= Work instruction =
Reproduce the records without their pictures, keeping every word as it is.

Dataset entries:
-- Opening Marker --

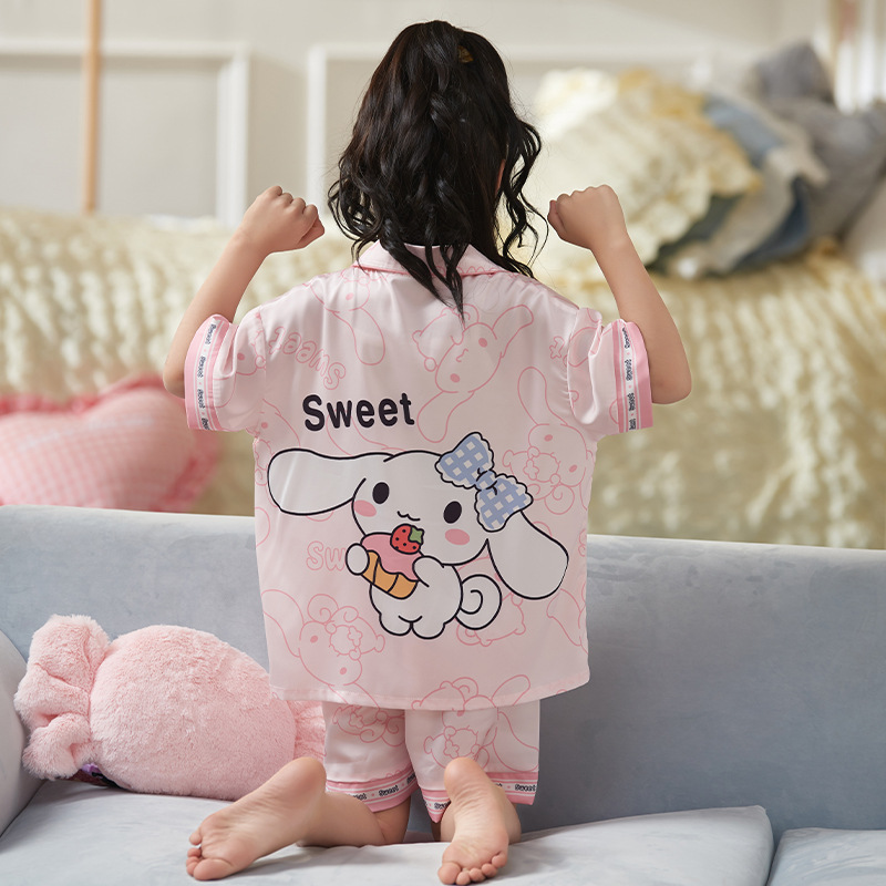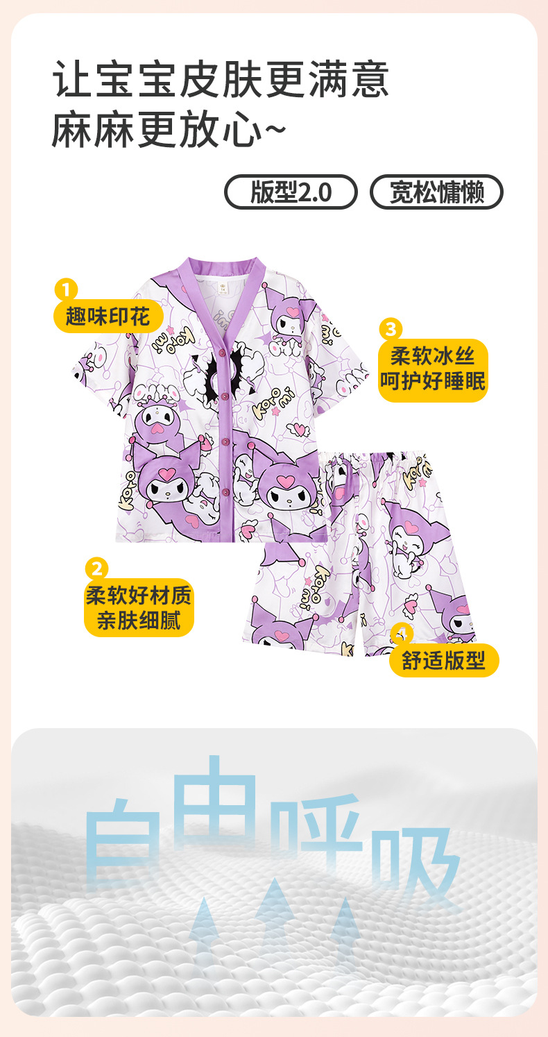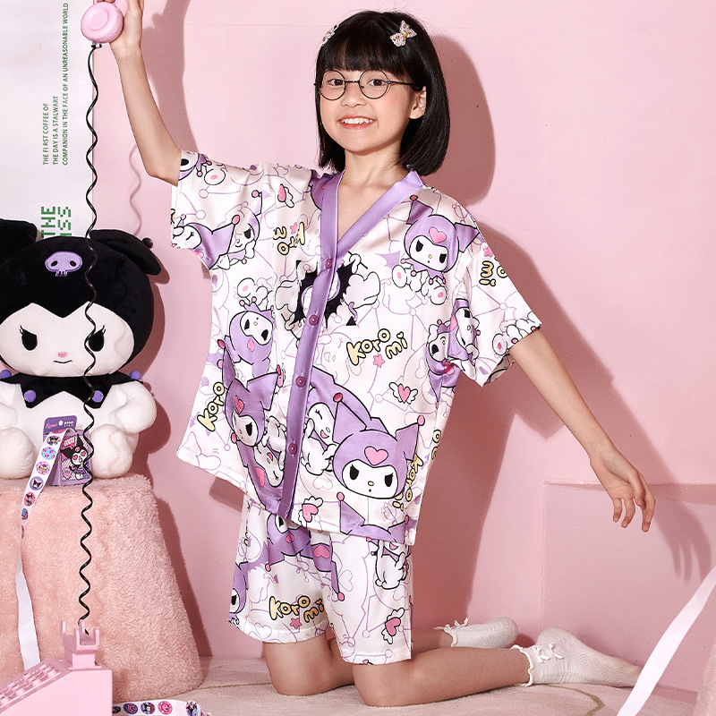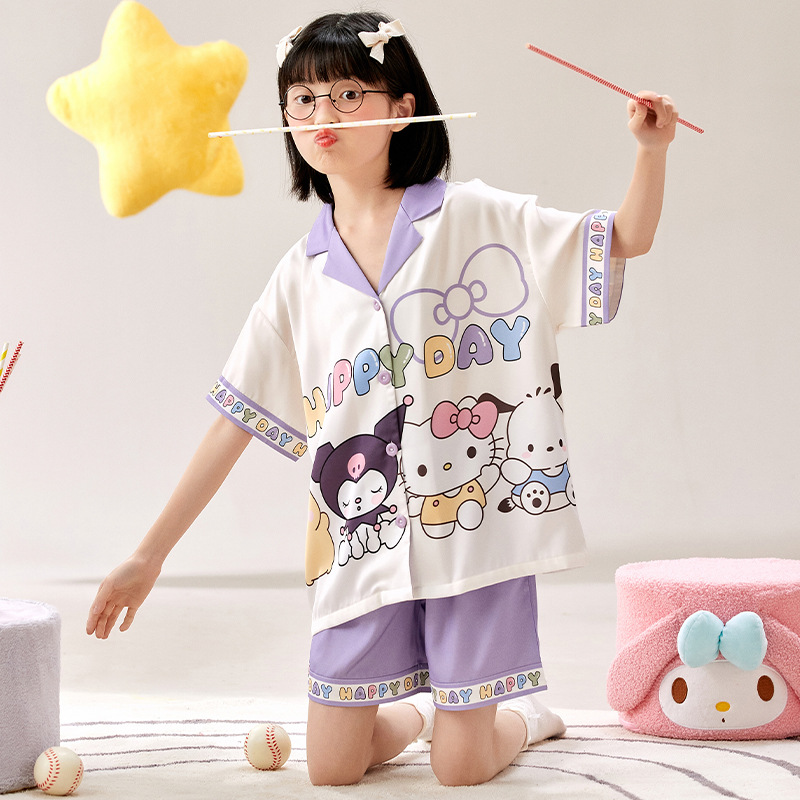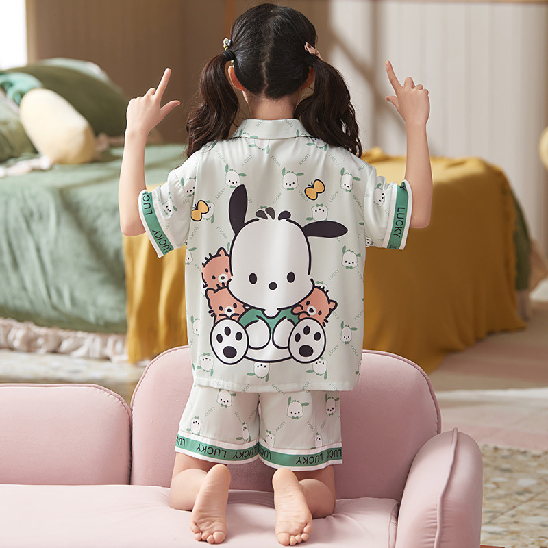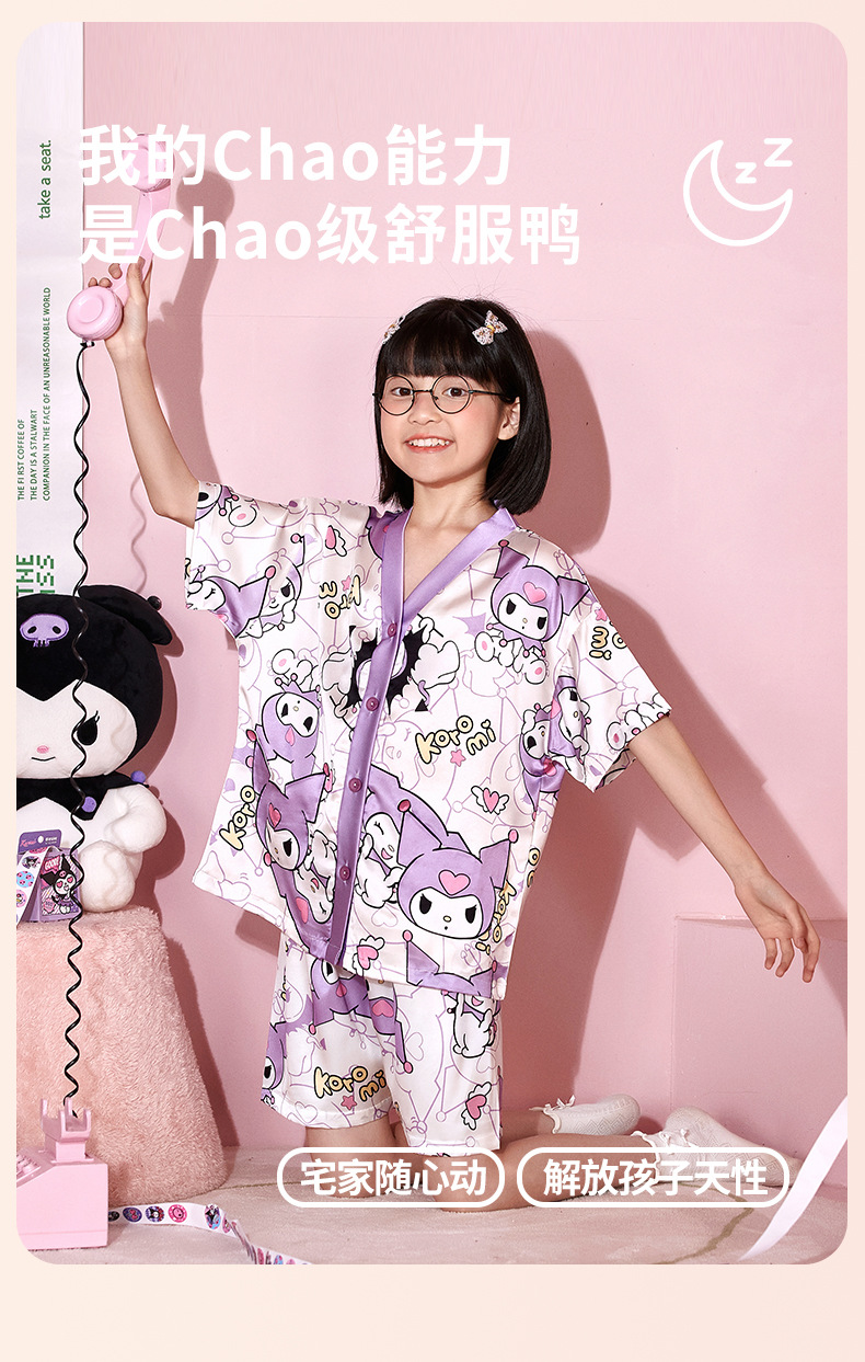 어린이 잠옷 소녀 여름 얇은 여름 아이스 실크 소녀 큰 아이들 실크 홈 옷 2024 새로운 Kulomi
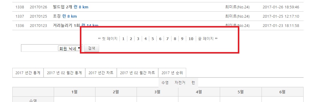 그런데 PC버전에서는 목록 아래 페이지 넘버(누르면 페이지 이동되는) 가 뜨는데
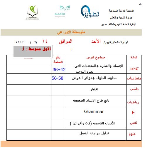 متوسطة الأوزاعي نيوز1441 مذكرة واجبات الأحد 14 2 1441
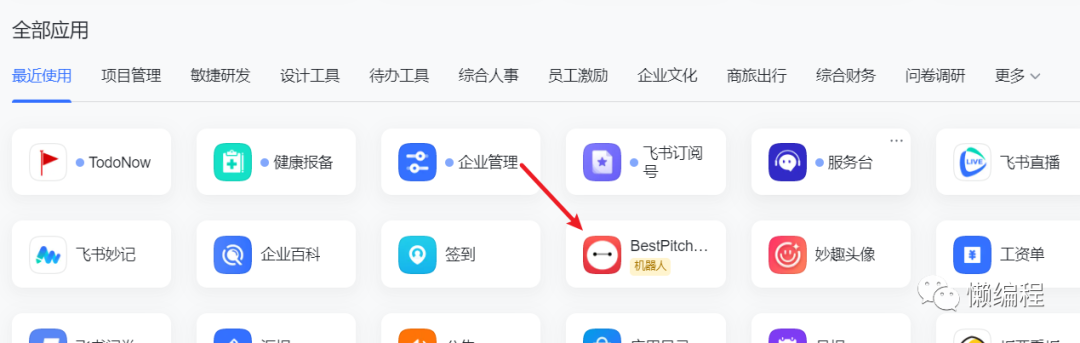 飞书中另外一种机器人是需要通过创建机器人应用的方式创建,这种机器人不在群组里,而是在工作台中,比如下图我创建了自己的应用机器人。
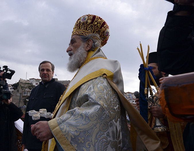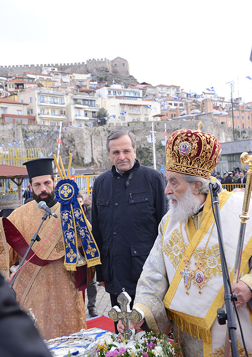 «Yγεία σε όλους τους ΄Ελληνες και προκοπή στην πατρίδα μας τώρα που σηκώθηκε στα πόδια της να μην κυλήσει ξανά» ευχήθηκε ο πρωθυπουργός Αντώνης Σαμαράς μετά την τελετή της κατάδυσης του τιμίου σταυρού στο λιμάνι της Καβάλας όπου βρέθηκε στο πλαίσιο της περιοδείας του στην Θράκη και στην Μακεδονία.
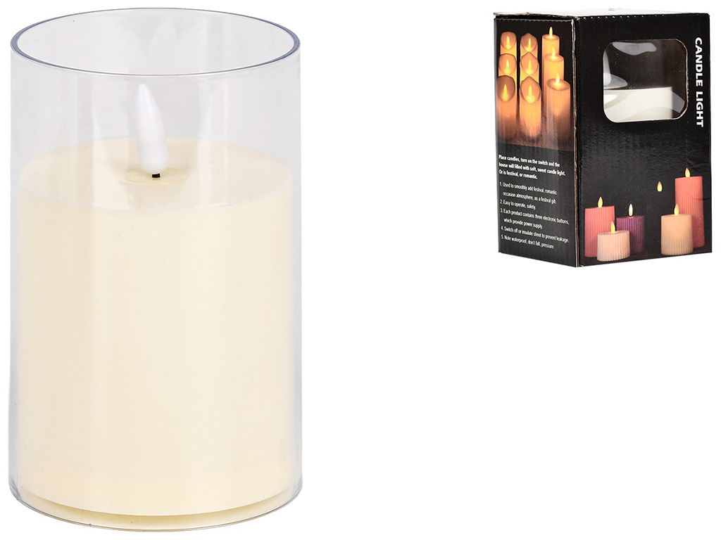 Свеча декоративная светодиодная дополнит современный интерьер и создаст уютную атмосферу. Светодиодная свеча светит приятным и абсолютно безопасным светом. Питание: батарейки 3шт х ААА (не входят в комплект). Упаковка: цветная коробка.
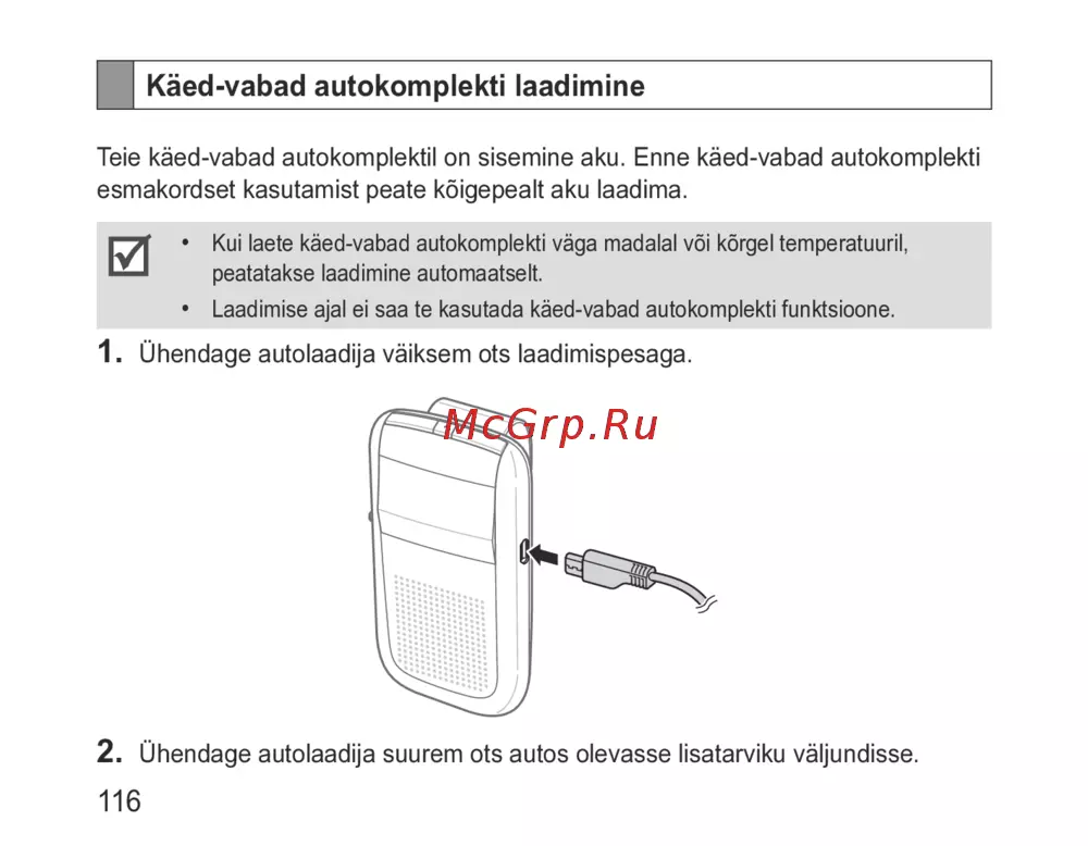 Laadimise ajal ei saa te kasutada käed-vabad autokomplekti funktsioone.
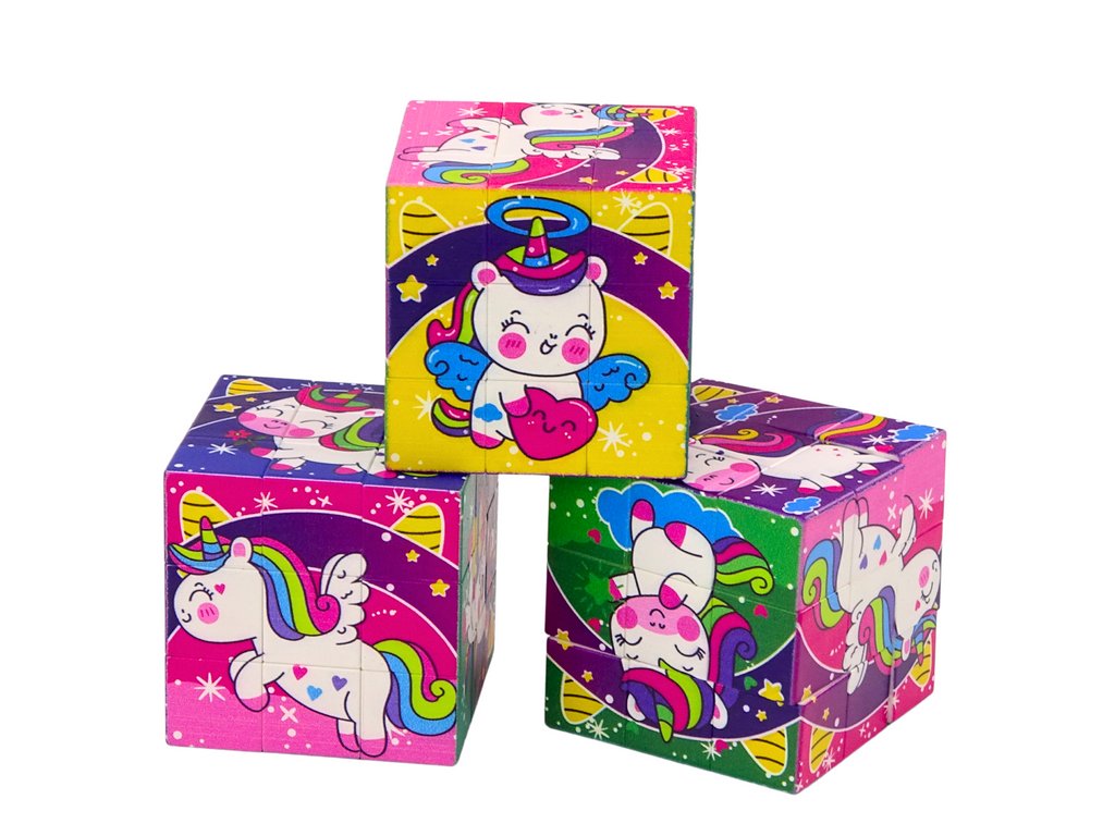Играчката е магичен куб за подреждане, който пренася децата в света на сладките еднорози и забавлението. Всяка страна на кубчето е декорирана с изображение на еднорог и цветове, като всяка страна съдържа 9 полета.

-- Closing Marker --

= Response to this task =
 어린이 잠옷 소녀 여름 얇은 여름 아이스 실크 소녀 큰 아이들 실크 홈 옷 2024 새로운 Kulomi
 그런데 PC버전에서는 목록 아래 페이지 넘버(누르면 페이지 이동되는) 가 뜨는데
 متوسطة الأوزاعي نيوز1441 مذكرة واجبات الأحد 14 2 1441
 飞书中另外一种机器人是需要通过创建机器人应用的方式创建,这种机器人不在群组里,而是在工作台中,比如下图我创建了自己的应用机器人。
 «Yγεία σε όλους τους ΄Ελληνες και προκοπή στην πατρίδα μας τώρα που σηκώθηκε στα πόδια της να μην κυλήσει ξανά» ευχήθηκε ο πρωθυπουργός Αντώνης Σαμαράς μετά την τελετή της κατάδυσης του τιμίου σταυρού στο λιμάνι της Καβάλας όπου βρέθηκε στο πλαίσιο της περιοδείας του στην Θράκη και στην Μακεδονία.
 Свеча декоративная светодиодная дополнит современный интерьер и создаст уютную атмосферу. Светодиодная свеча светит приятным и абсолютно безопасным светом. Питание: батарейки 3шт х ААА (не входят в комплект). Упаковка: цветная коробка.
 Laadimise ajal ei saa te kasutada käed-vabad autokomplekti funktsioone.
Играчката е магичен куб за подреждане, който пренася децата в света на сладките еднорози и забавлението. Всяка страна на кубчето е декорирана с изображение на еднорог и цветове, като всяка страна съдържа 9 полета.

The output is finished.